++++ Material supplied ++++

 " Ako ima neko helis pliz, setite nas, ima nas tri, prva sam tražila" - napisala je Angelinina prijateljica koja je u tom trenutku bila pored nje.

++++
++++ Material supplied ++++

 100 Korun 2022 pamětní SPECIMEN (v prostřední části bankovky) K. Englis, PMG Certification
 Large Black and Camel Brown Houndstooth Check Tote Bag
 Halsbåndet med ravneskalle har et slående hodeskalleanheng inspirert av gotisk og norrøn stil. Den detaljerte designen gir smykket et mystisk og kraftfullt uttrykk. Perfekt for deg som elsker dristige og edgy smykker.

++++
++++ Material supplied ++++

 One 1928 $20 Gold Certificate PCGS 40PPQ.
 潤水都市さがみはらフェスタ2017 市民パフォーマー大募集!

++++

In the data above, find the line that contains "Large Black and" and the line that contains "Halsbåndet med ravneskalle". Repeat exactly those lines and every line between them, and only those.

 Large Black and Camel Brown Houndstooth Check Tote Bag
 Halsbåndet med ravneskalle har et slående hodeskalleanheng inspirert av gotisk og norrøn stil. Den detaljerte designen gir smykket et mystisk og kraftfullt uttrykk. Perfekt for deg som elsker dristige og edgy smykker.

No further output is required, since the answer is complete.